Хоронили отца торжественно, хотя и наспех, время было военное, Бурьяновский эвакогоспиталь, конечно, не мог остановить работу даже ради того, чтобы проводить в последний путь своего главного врача. Он умер, можно сказать, на боевом посту, неделю, без перебоя принимал тяжелораненых на долечивание, а тут один с активным вирусом скоротечного энцефалита – было такое биологическое оружие, в казармах его называли еще Тихая Смерть, в первую очередь поражал речевой центр. Как недосмотрели? Кто недосмотрел? Началась тотальная дезинфекция, но все равно заразилось больше десятка человек. Отец подал рапорт командующему управлением, но и сам дознался о виновном, оказалось: бытовуха и халатность в приемном областном распределительном пункте. Оттуда сразу приперся лощенный хлыщ, посмотреть, нельзя ли все свалить на кого-нибудь еще. Отец, что для него было естественно в таких случаях, сильно психанул. Говорят, едва не пристрелил этого умника. Психанул и не дожил до утра. Сердце его подвело, в шестьдесят четыре года совсем было изношено, а тут чрезмерный стресс, привитый эко– кардиостимулятор и тот не выдюжил, встал. Тяжелая неделя практически без сна тоже сыграла свою роль. Как пережила его смерть бедная мама, я не знаю. Я должен был безотлагательно вернуться в полк, сестра – обратно в бригадный госпиталь. Я думаю теперь: она выдержала только ради нас.

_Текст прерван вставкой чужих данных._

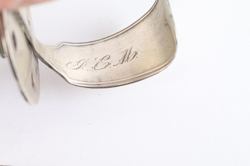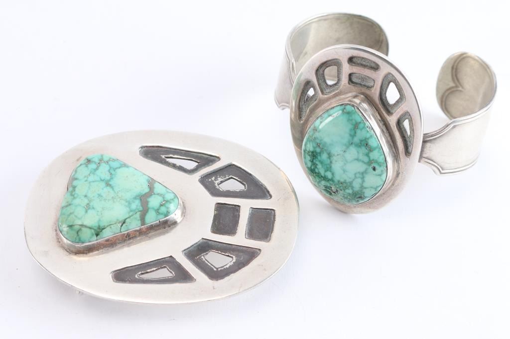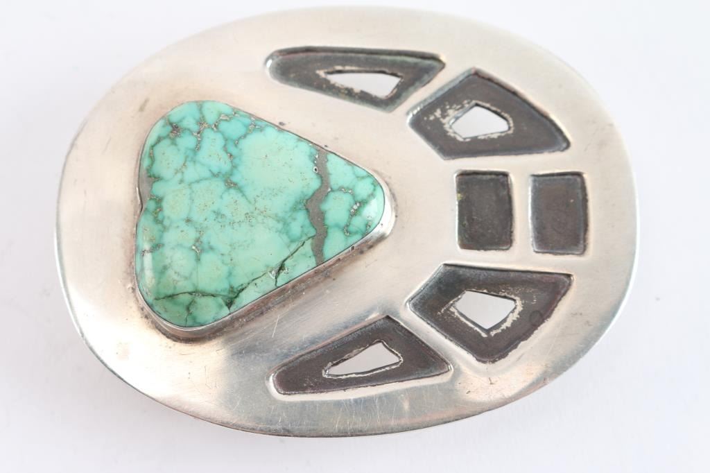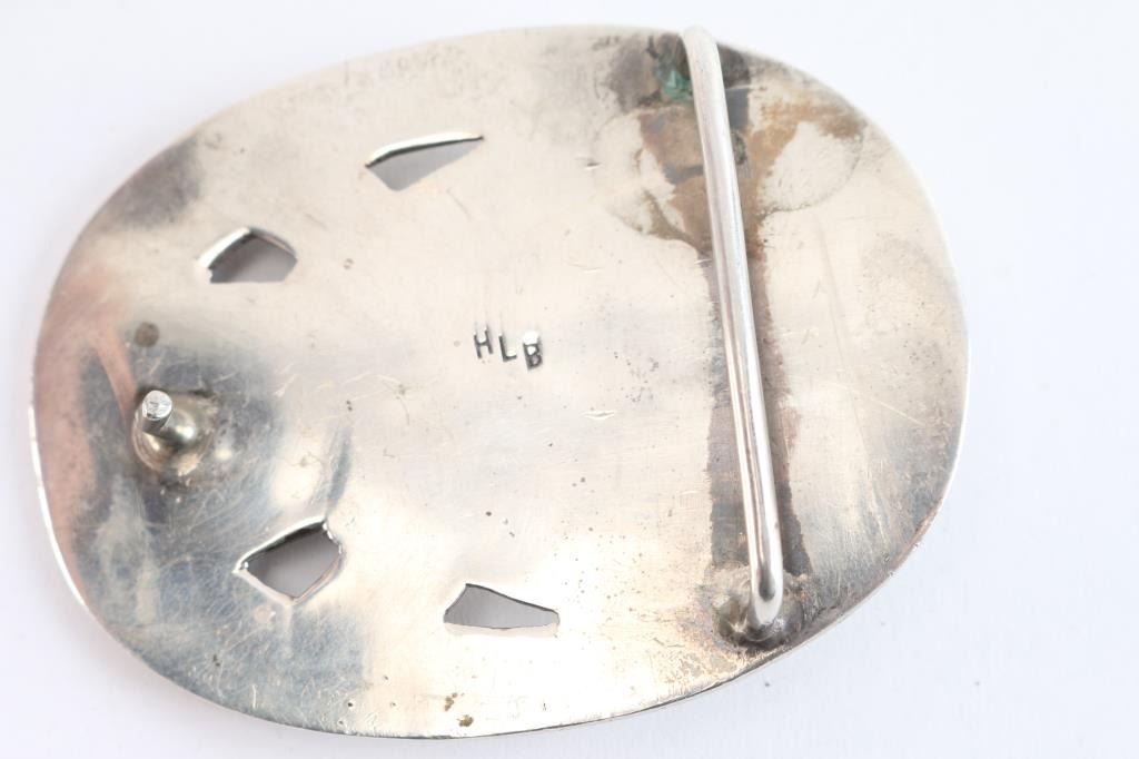 Sterling and turquoise buckle marked HLB with matching cuff, band is constructed of a sterling silver spoon handle, with monogram in interior.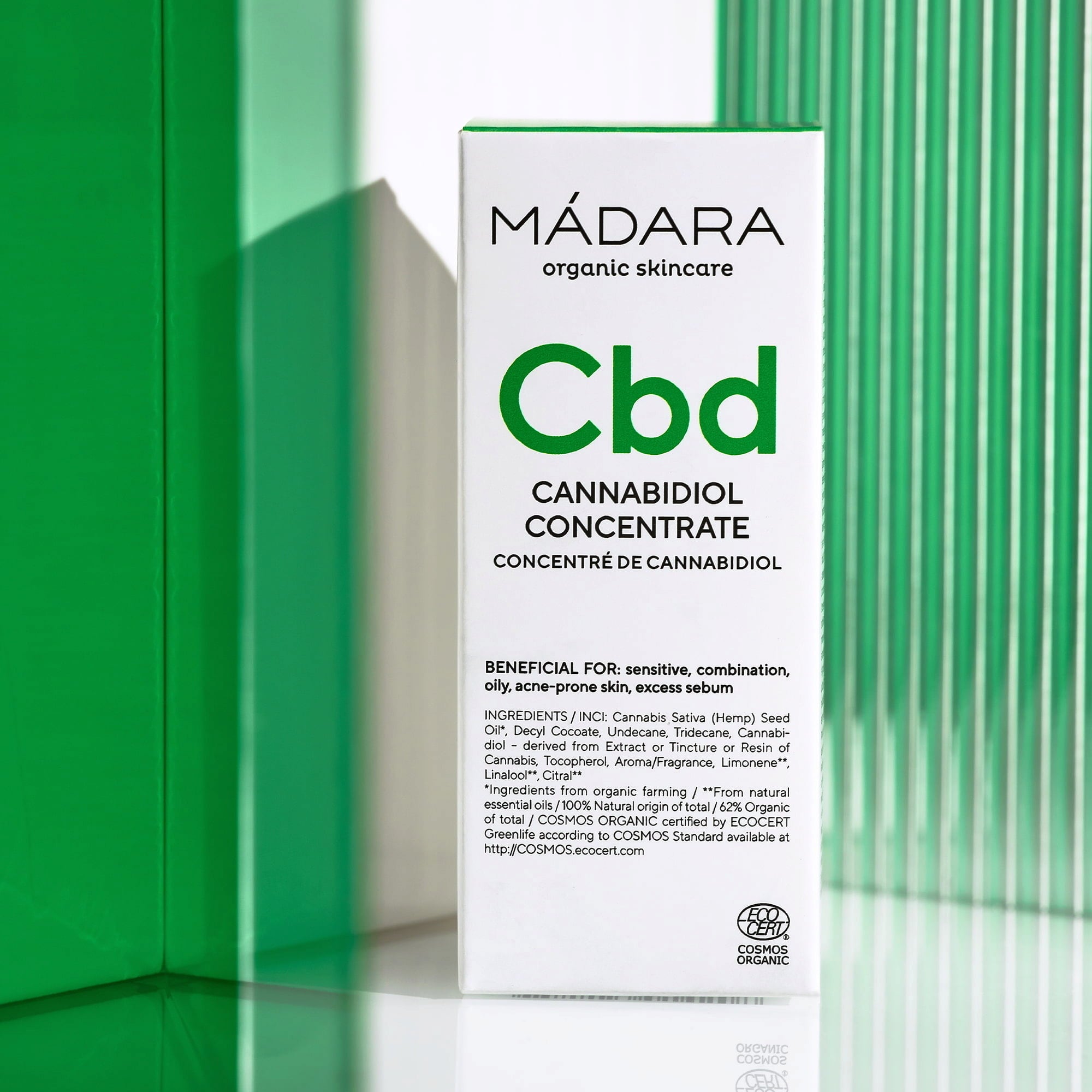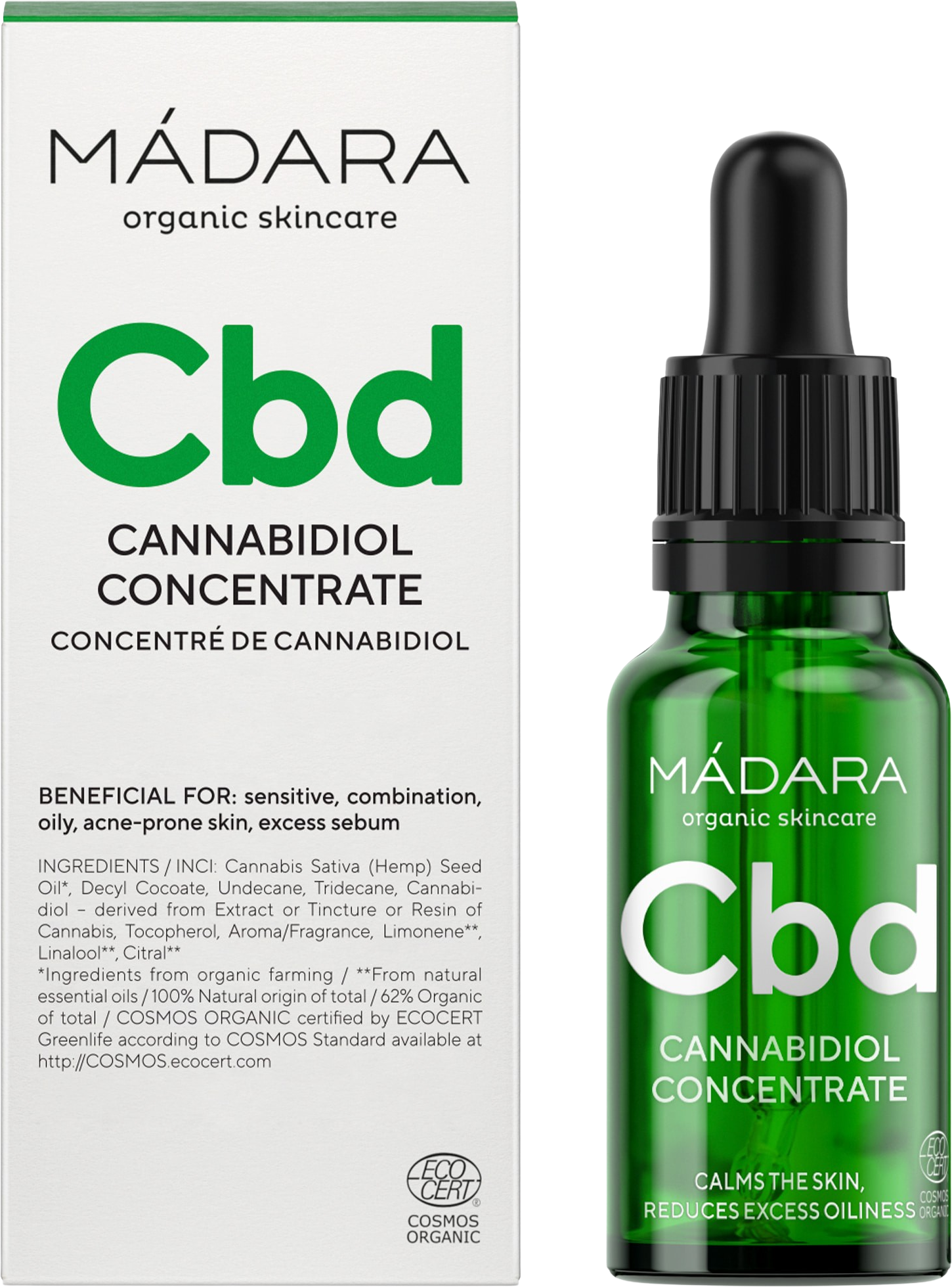 A MÀDARA Custom Actives Cannabidiol koncentrátuma természetes CBD-t tartalmaz, hogy ápolja és táplálja a problémás bőrtípusokat. Különösen a kombinált, zsíros, érzékeny, aknéra hajlamos bőrtípusok igényelnek kiegészítő ápolást. A Cannabidiol-szérum pontosan erre alkalmas: kiegyensúlyozó, seboreguleáló és intenzíven ápoló tulajdonságokat biztosít a megszokott krém kiegészítéseként.

Но почему я восемь лет спустя открыл старую виниловую коробку? И почему решил написать послесловие? Чтобы ответить, придется вернуться немного к началу уже моей истории. Зовут меня Томас Феликсович Коростоянов, полковник в отставке, а ныне выборный мэр города Бурьяновска – наш поселок пять лет назад получил все-таки городской статус, в некотором роде благодаря моему вмешательству. Имя мое может показаться вам странным, так оно и есть, учитывая обстоятельства его приобретения. Томасом назвал меня закадычный папин друг, фельдшер дядя Ваня Ешечкин, по совместительству мой крестный. И назвал он меня в честь марки пылесоса, уж очень ему понравилась реклама «дас ист Томас». Священник, тихий и смирный отец Паисий – старик умер два года спустя, после моего отца, – безропотно дал мне это христианское, хотя и не православное имя, даже не переделав его на русский лад. Отец Паисий вообще никогда не спорил с окружающими его людьми, ласковый и какой-то забитый, он соглашался на любые самодурства своих прихожан. К тому же крестному дяде Ване совсем никак отказать не мог: тот недавно женился на старшей дочери батюшки, Ирине, очень скоро также помешавшейся на рекламе, как и ее чудачествующий муж. Вот я и стал Томас Феликсович. Куда при этом смотрели мои родители? А вышло так.
После того, как отец уехал учиться в область, мама с Ларой – так всегда называли в семье мою сестру, ни на какую Глашу или Фиру она решительно не желала отзываться, – переехали к нему. Скоро мама и папа официально поженились, а через год с небольшим родился я. Мне думается, это было очень трудное, очень бедное время, правда, я был крайне мал, и плохо помню, но сужу по отрывочным рассказам. Папа мой посещал вечернее отделение, днем работал, ночами часто корпел над книгами. Работа его была из тяжелых, на строительстве химического завода, который возводил у нас какой-то германский концерн. Отец вкалывал на бетономешалке, там платили сносно, но хватало едва-едва на двоих-то детей. Мама тоже не сидела сложа руки, беременная мной, она устроилась медсестрой в детский сад, чтобы получать хоть небольшие деньги и заодно смотреть за Ларой. Жили они в чудовищных условиях, снимали полуразвалившийся домик в пригороде, почти задаром, зато и протопить эту хибару зимой было немыслимо, сплошные щели, латай не латай. Потому мама уехала рожать меня в Бурьяновск, захватив и Лару, в поселке за ней было кому присмотреть, два маминых брата-школьника, бабушка, еще другая бабушка Ульяна, в общем, народу хватало. И все бы хорошо. Если бы дядя Ваня не унес меня тайком от матери на следующий же день после моего рождения и не наградил меня нерусским именем Томас. Родители не слишком разозлись, оставили все как есть, чтобы не обижать крестного.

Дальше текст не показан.